The Buttercup has her very own jar of peanut butter, and she knows when THAT one is being opened, versus when MY jar is being opened. (yet...she sometimes doesn't know her own name.... go figure....)

about once a week i give her a spoon covered in it (not a big ol' scoop, c'mon now!) and let her lick it while i'm on the phone or otherwise occupied and need her to be quiet LOL.

quite simply, The Buttercup truly believes she will die without her peanut butter. 

(she recently added "pretzels" to that list, but not because MOMMY gave them to her..... grrrr....)


----------



## oiseaux (Feb 16, 2008)

A little PB is okay from time to time. I recommend unsweetened, low salt, organic peanut butter from Whole Foods but we don't give more than a small babyspoon sized amount. Maybe some nice large fluffy pushies and some good chew toys will be good to keep her company for when you're out.


----------



## caligirlinpa (Oct 14, 2008)

Thanks for all the replies!
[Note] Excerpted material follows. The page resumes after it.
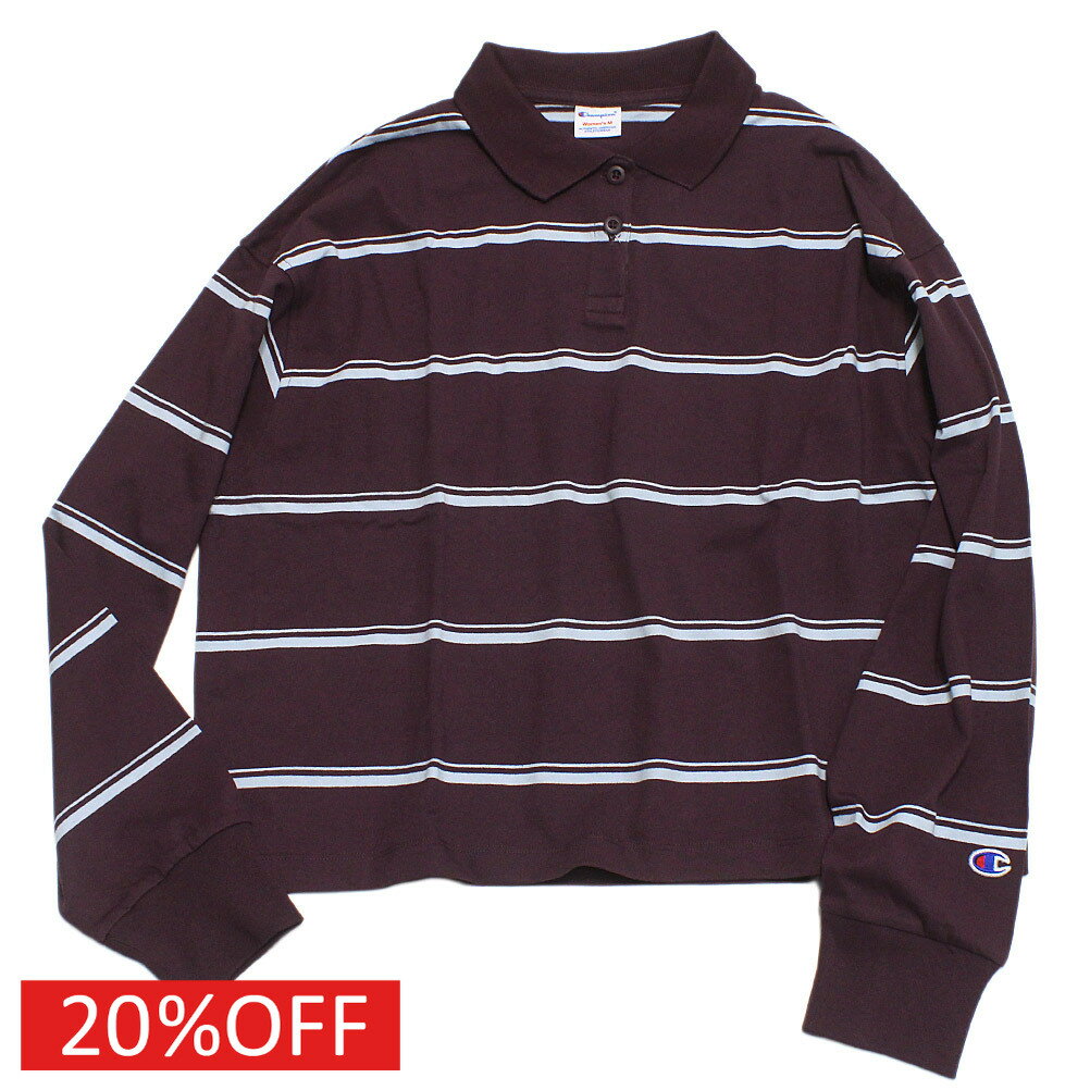 セール 「20%OFF」 長袖Tシャツ \"チャンピオン\" WOMENS/LONG SLEEVE ボーダーポロシャツ バーガンディ(109)

I will just give it to her every now and then. There is no sign of her misbehaving or anything. Though she does tend to chew on my moms furniture!....even when we are there. But she is a good pup
Her bday is in a little over a week (Christmas Day!) :wub:


----------



## jmm (Nov 23, 2004)

I stuff a few kongs at a time and freeze them. One combo I do is peanut butter with some kibble mixed in. You can also do canned dog food, yogurt (plain, no colors and no sweeteners - I buy organic), mashed banana, etc. I usually mix some soft stuff with some hard kibble or cookies and freeze. You can get pretty creative.


----------